DATA FOR ANALYSIS START
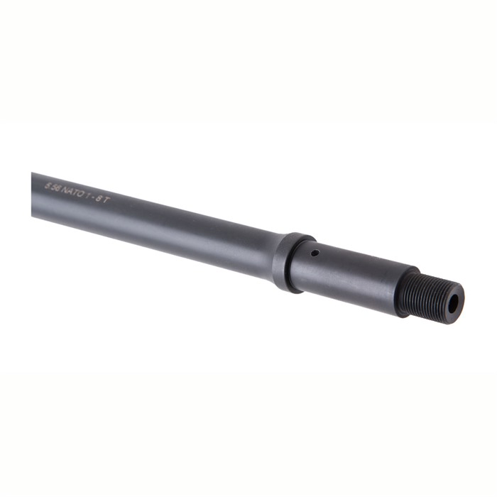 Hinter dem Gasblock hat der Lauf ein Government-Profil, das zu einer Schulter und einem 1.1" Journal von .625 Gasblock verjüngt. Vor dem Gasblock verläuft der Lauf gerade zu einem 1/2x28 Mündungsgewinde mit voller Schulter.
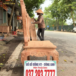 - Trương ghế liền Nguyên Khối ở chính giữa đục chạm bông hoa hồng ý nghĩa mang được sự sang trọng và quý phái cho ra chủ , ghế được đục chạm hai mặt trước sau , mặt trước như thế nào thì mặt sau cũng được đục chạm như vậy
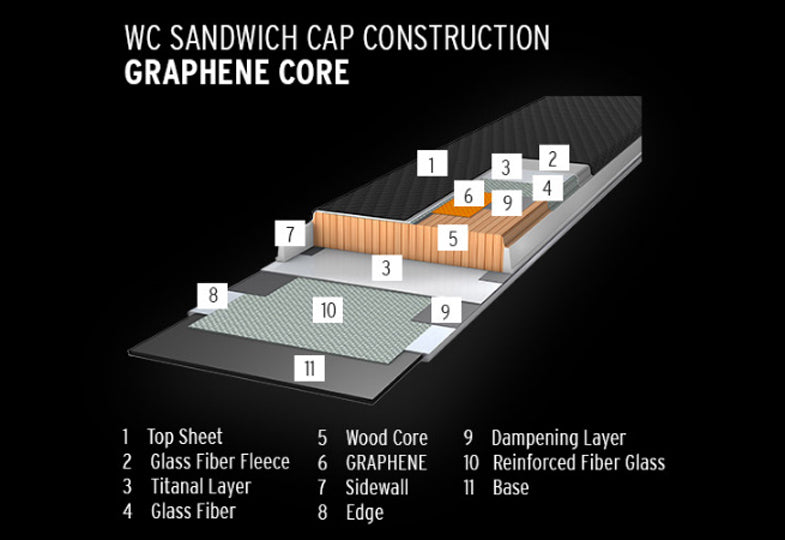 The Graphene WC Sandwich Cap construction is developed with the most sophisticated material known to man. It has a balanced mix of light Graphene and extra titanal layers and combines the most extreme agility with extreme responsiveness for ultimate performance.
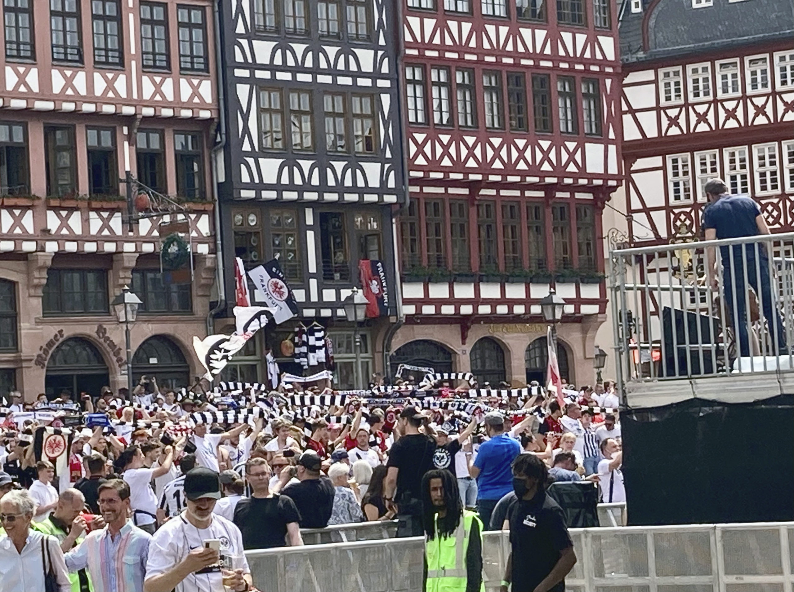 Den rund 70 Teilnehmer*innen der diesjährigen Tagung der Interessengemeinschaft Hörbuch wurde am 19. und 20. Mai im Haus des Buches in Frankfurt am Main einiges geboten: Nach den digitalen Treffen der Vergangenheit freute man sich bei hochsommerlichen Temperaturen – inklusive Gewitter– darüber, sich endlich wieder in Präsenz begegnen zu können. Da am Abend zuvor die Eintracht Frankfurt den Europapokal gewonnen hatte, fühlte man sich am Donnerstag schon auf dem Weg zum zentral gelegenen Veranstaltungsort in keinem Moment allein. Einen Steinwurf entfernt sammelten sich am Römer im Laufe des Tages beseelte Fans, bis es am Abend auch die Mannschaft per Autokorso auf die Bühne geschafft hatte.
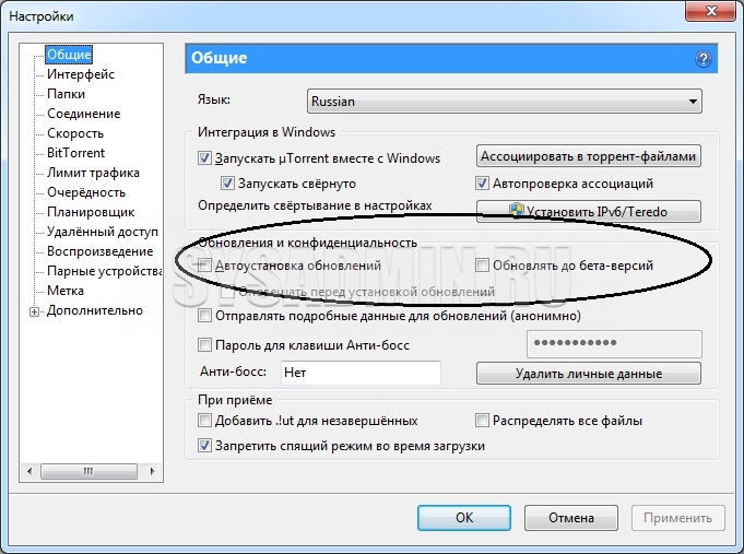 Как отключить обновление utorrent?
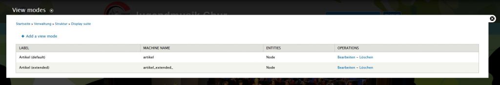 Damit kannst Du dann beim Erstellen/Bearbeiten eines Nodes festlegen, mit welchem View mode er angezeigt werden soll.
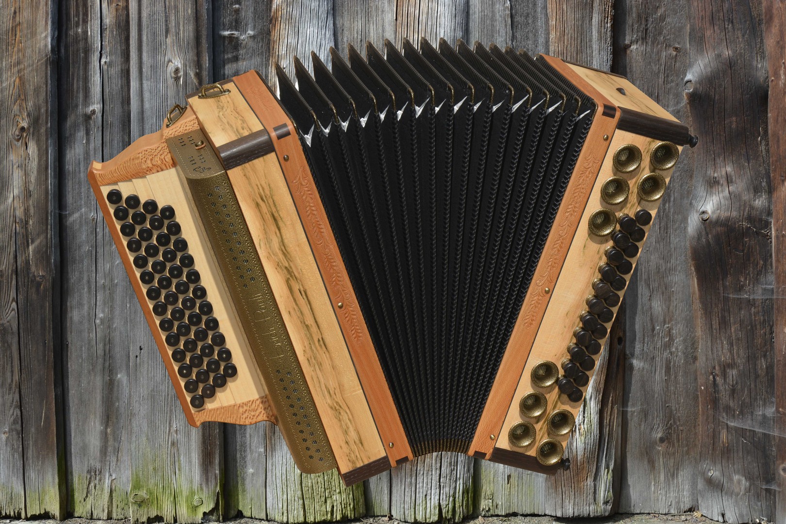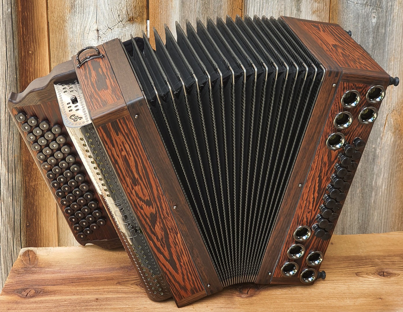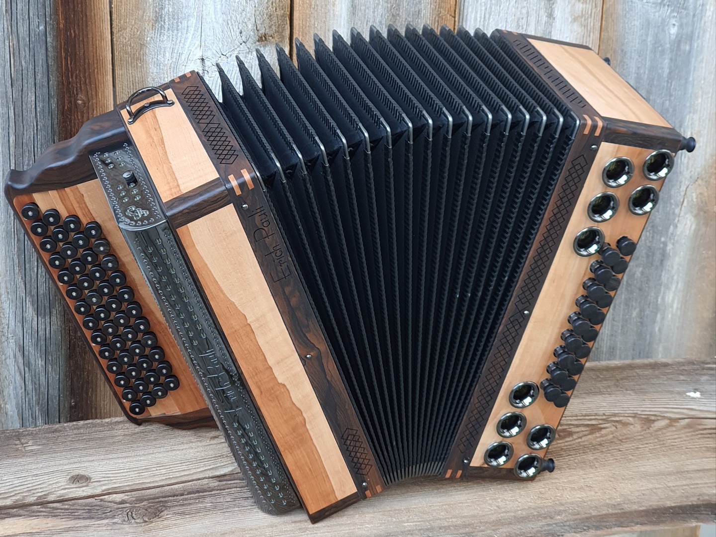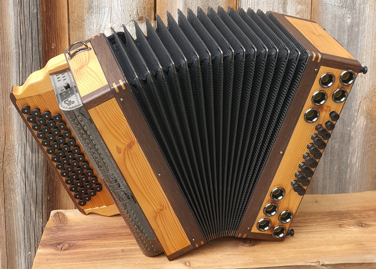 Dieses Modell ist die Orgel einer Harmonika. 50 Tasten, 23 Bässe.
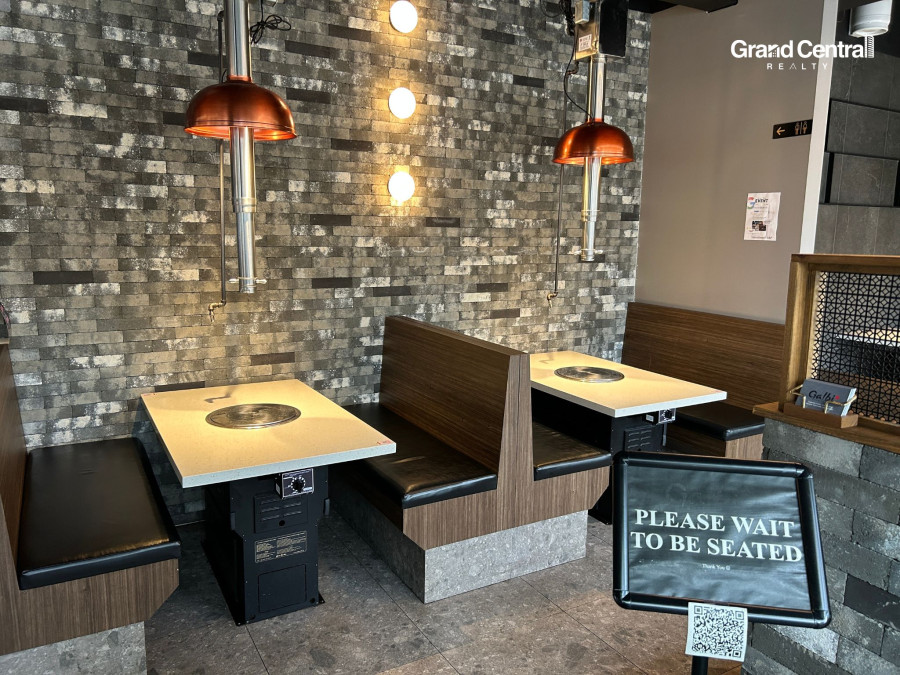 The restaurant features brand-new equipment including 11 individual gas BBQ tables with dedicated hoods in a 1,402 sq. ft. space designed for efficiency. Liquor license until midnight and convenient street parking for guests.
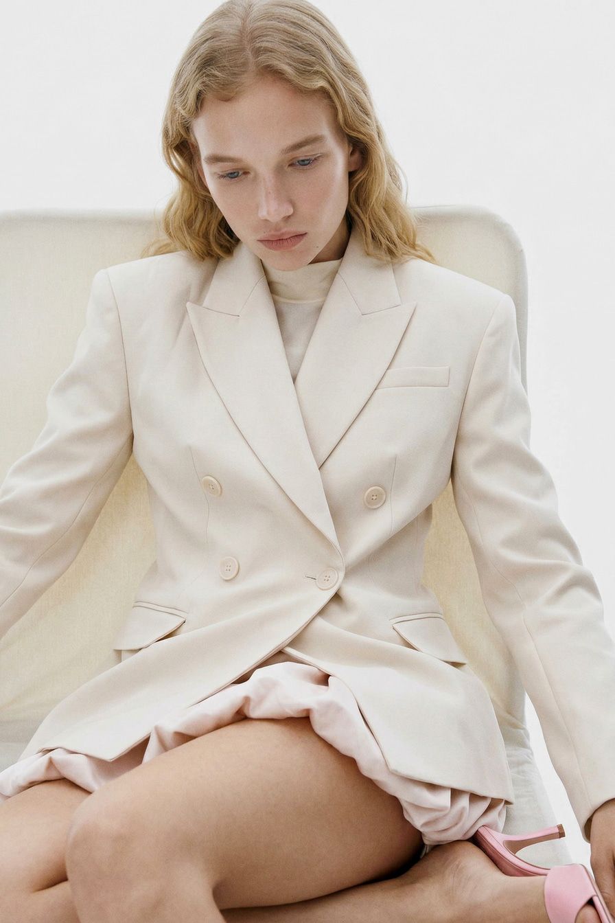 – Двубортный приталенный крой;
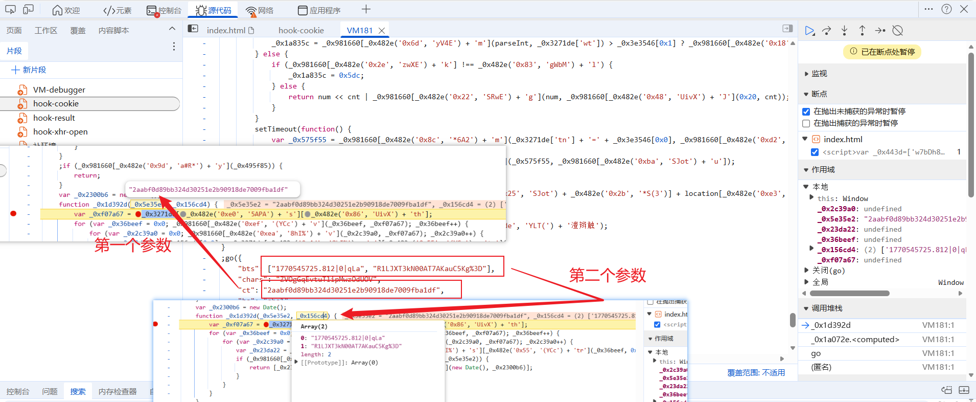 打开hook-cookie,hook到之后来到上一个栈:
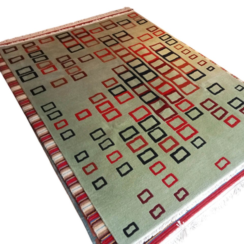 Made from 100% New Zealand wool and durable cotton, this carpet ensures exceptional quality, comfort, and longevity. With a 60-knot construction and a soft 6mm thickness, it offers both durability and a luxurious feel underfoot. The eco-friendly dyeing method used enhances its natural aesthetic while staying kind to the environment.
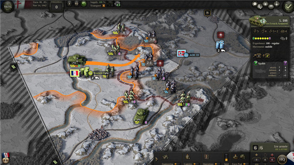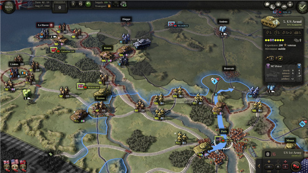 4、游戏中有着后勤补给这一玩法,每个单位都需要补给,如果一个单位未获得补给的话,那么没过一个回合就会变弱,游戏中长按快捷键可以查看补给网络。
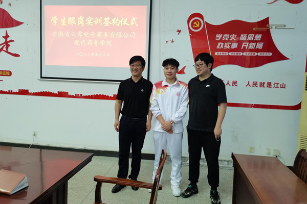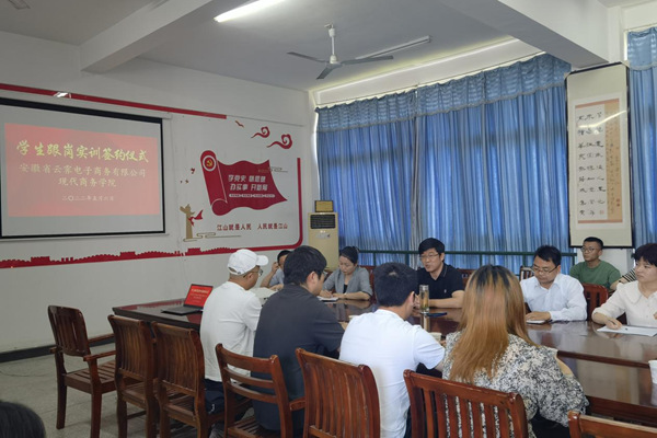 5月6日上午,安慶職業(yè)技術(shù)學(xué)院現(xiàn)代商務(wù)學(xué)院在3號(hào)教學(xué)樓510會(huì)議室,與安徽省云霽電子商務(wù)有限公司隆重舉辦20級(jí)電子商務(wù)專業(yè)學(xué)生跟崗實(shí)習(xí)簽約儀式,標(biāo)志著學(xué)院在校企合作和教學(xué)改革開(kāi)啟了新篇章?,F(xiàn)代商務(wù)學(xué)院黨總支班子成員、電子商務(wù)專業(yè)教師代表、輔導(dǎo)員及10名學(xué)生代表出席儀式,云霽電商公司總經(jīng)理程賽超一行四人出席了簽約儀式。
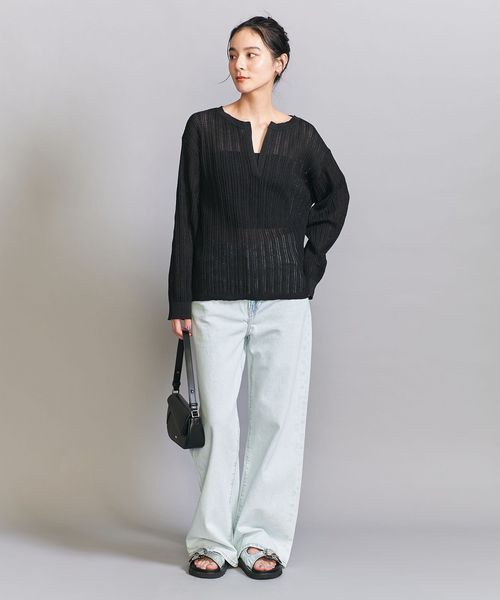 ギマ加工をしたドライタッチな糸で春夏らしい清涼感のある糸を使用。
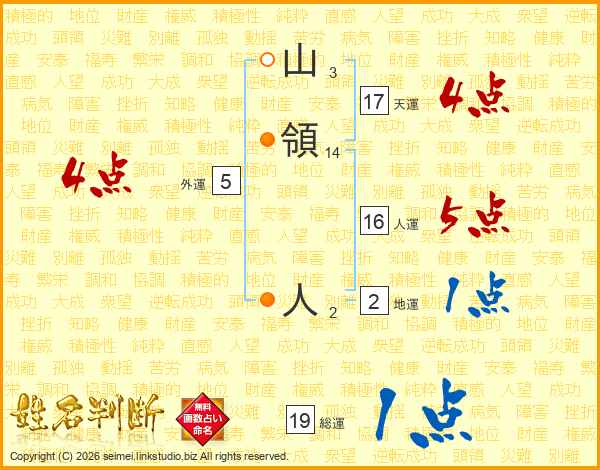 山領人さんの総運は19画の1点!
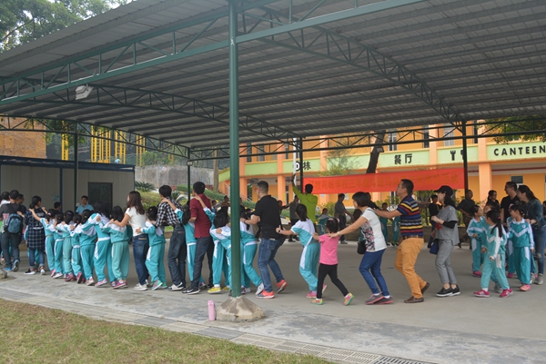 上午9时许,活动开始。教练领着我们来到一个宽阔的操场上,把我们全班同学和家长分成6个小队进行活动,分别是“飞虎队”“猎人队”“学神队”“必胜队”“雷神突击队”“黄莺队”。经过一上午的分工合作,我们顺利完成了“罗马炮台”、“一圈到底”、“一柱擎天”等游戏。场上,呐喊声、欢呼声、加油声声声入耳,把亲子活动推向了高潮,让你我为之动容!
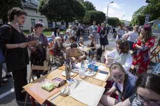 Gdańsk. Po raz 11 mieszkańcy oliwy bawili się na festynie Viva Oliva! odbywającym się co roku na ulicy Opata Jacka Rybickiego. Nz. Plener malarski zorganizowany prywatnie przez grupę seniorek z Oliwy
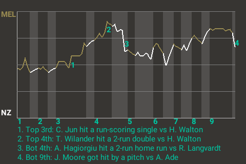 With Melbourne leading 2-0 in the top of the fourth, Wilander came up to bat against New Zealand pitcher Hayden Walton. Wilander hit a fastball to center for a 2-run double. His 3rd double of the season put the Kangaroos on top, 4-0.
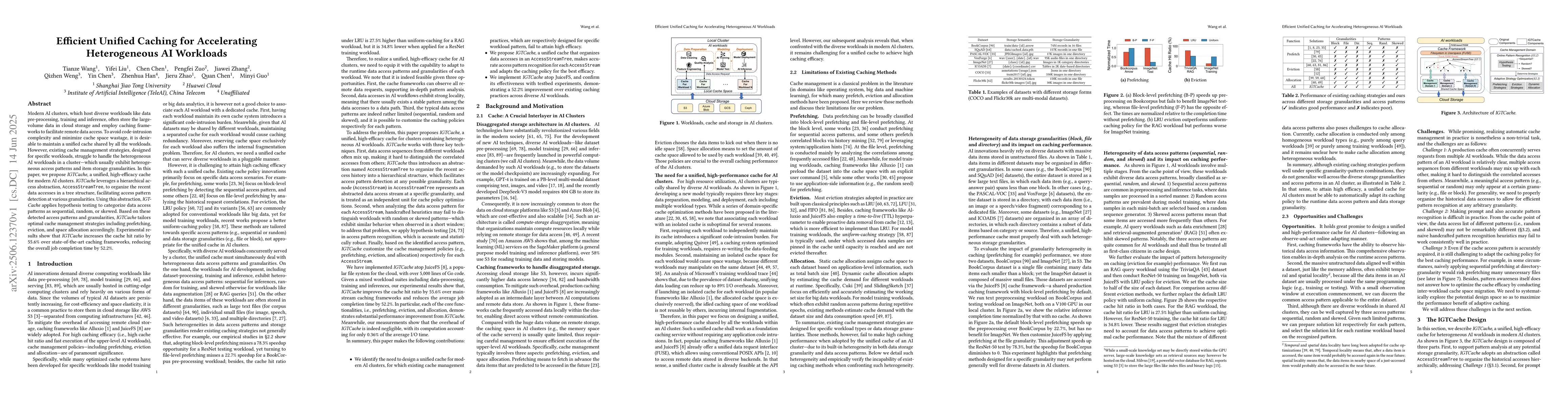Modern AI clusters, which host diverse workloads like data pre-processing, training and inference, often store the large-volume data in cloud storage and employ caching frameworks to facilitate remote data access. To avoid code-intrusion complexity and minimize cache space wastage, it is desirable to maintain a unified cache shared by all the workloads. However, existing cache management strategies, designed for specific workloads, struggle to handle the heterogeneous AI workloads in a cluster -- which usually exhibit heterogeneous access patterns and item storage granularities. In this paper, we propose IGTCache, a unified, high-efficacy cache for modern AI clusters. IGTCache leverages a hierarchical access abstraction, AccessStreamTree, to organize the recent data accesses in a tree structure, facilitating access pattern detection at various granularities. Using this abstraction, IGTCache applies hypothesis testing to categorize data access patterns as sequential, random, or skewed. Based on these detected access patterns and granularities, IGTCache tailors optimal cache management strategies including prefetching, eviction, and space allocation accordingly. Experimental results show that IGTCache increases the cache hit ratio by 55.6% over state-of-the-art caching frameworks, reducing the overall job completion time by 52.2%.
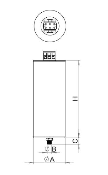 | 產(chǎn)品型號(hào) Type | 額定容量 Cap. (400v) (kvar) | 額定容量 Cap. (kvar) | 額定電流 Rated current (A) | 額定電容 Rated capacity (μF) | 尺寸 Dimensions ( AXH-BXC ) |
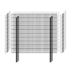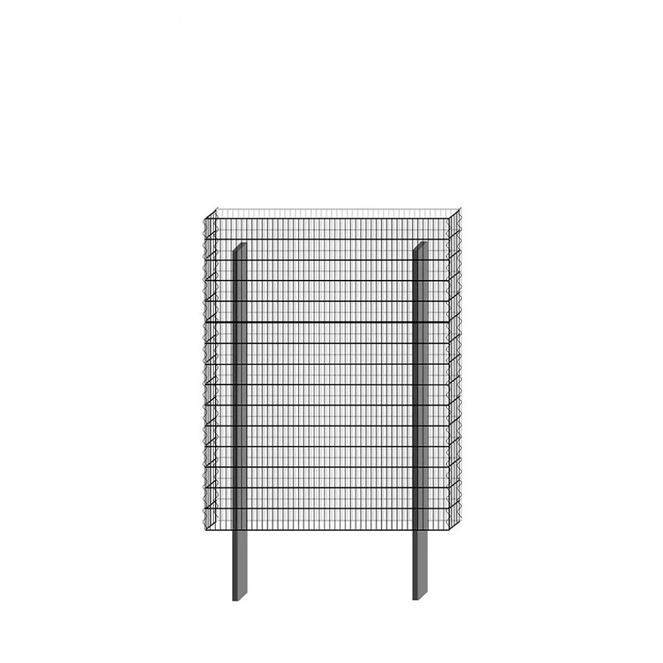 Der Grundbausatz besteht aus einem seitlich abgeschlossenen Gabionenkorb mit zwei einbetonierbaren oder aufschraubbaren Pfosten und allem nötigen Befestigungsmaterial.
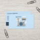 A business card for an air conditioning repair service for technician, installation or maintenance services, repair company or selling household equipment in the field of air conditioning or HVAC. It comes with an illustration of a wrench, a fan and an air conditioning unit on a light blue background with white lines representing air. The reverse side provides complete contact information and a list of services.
DATA FOR ANALYSIS END
* _PROBLEM TO WORK ON_:
Would you output the lines above from the line holding "山領人さんの総運は19画の1点!" up to and including the line holding "Gdańsk. Po raz", exactly and only those, with no pictures?

* _YOUR SOLUTION_:
 山領人さんの総運は19画の1点!
 上午9时许,活动开始。教练领着我们来到一个宽阔的操场上,把我们全班同学和家长分成6个小队进行活动,分别是“飞虎队”“猎人队”“学神队”“必胜队”“雷神突击队”“黄莺队”。经过一上午的分工合作,我们顺利完成了“罗马炮台”、“一圈到底”、“一柱擎天”等游戏。场上,呐喊声、欢呼声、加油声声声入耳,把亲子活动推向了高潮,让你我为之动容!
 Gdańsk. Po raz 11 mieszkańcy oliwy bawili się na festynie Viva Oliva! odbywającym się co roku na ulicy Opata Jacka Rybickiego. Nz. Plener malarski zorganizowany prywatnie przez grupę seniorek z Oliwy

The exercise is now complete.